If you want to start a startup, ironically it's easier to raise in China or India compared to Germany now because of larger capital markets and better linkages with financial hubs like Singapore, London, UAE, etc.

jajko•8mo ago
A lot of people think like that, thats true. Not really grokking them, the systems in western countries is much more advanced, be it social or medical services, better education for kids, much safer and so on.

But as an expact myself who decided he left his home country for good and for good reasons, I've seen it often, more often in blue collar jobs. Its a lot easier if such folks never actually left and didnt experience better life as a whole elsewhere. Then accepting lower standards becomes much harder, there is only so far one can get by throwing money at problems.

alephnerd•8mo ago
Yep! Exactly! The decrease in brain drain doesn't necccesarily imply broader economic equality.

Earning $30k in China or India where median household incomes are $5k and $3k respectively means you are afforded a lot of luxuries that makes moving to a higher paying developed country difficult.

People who aren't able to work high salary STEM jobs are desperate for a better option, and that's the majority in those countries.

Havoc•8mo ago
UK also just announced a supposed reversal of the migrant labour gameplan
alephnerd•8mo ago
I mean, the UK is in the same boat as Germany and Canada - outside of high finance and some American tech companies, salaries are weak and they aren't attracting the cream of the cream.

Plus high paying British firms like BAE, Rolls Royce, and Leonardo Global have Indian offices that pay competitive (£30-40k) salaries for R&D so the incentive of going to the UK is weak, as £60k but California level CoL just doesn't cut it.

ericmcer•8mo ago
Why does the chart stop at 2020.

There are so many "reports" now that show from 2020-2025 and act like some insane change has occurred when using the insanity of 2020-2021 as a baseline. Extend the chart back to 2000ish so we can see if this is an actual change or just a return to normal.

alephnerd•8mo ago
It's 2025. 2019 has become history.

It's like comparing the job market in 2017 with that in 2010. A lot changes in 6 years in the tech industry.

Dylan16807•8mo ago
If "history" and "today" have very different numbers, that could mean many things.

But if they have very similar numbers, than that's strong evidence that things have not in fact changed much.

"History" is often relevant, and depending on the claim it can be very relevant.

castlecrasher2•8mo ago
>Why does the chart stop at 2020.

Lies, damned lies, and statistics.

xboxnolifes•8mo ago
The graph doesn't even show a drop. It's showing things as being roughly equal today as to 2019, 2020, 2021, and 2022. It just shows 2023 and 2024 being outliers.
senderista•8mo ago
Not a fan of the non-zeroed-out y-axis.
cdkmoose•8mo ago
That's a big pet peeve of mine, although to be fair I've seen much worse than this one. It can make the deltas look more meaningful than they actually are.
didgetmaster•8mo ago
I generally judge how accurate a story is, by how much the graph is manipulated to show the most drastic possible change.

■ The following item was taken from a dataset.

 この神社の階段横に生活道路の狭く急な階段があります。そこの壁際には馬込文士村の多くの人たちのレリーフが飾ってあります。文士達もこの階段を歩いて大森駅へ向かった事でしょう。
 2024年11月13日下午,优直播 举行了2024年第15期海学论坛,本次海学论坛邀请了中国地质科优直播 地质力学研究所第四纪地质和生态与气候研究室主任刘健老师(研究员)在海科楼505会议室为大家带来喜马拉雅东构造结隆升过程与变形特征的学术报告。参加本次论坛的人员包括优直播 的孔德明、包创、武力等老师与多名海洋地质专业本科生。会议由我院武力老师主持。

When the start is something like October 11, 2023 and the end is not today; that is usually a big tell.

readthenotes1•8mo ago
Fascinating that the net change globally is so much more than for the US according to their data.

The title should be something like "US still a strong draw in spite of global cool down"

mainecoder•8mo ago
This is false, the situation in the United States has definitely been less favorable however the situation in many developing countries has gotten even worse and thus there are more people who will want to work in the US since they do not have the luxury of living
alephnerd•8mo ago
Depends developing country to developing country.

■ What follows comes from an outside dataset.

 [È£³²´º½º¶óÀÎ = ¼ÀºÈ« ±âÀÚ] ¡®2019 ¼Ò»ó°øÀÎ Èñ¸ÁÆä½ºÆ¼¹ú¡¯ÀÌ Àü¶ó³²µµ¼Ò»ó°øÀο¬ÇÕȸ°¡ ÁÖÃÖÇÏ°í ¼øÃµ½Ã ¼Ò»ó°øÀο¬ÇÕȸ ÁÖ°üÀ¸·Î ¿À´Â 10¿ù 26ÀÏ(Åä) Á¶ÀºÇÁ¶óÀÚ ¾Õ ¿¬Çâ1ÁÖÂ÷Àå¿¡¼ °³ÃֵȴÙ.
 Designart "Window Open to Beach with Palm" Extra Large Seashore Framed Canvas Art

White Collar hiring and salary growth has picked up in China, India, ASEAN, etc. Living standards for the average person won't be hot, but if you are working in a STEM field you are earning on the higher end, and by mid-career you can afford to insulate yourself from some of the worst aspects living in gated communities or suburbs.

Azerbaijan might be a different story, as you guys might be getting some contagion from Turkiye and Russia's economic slowdown.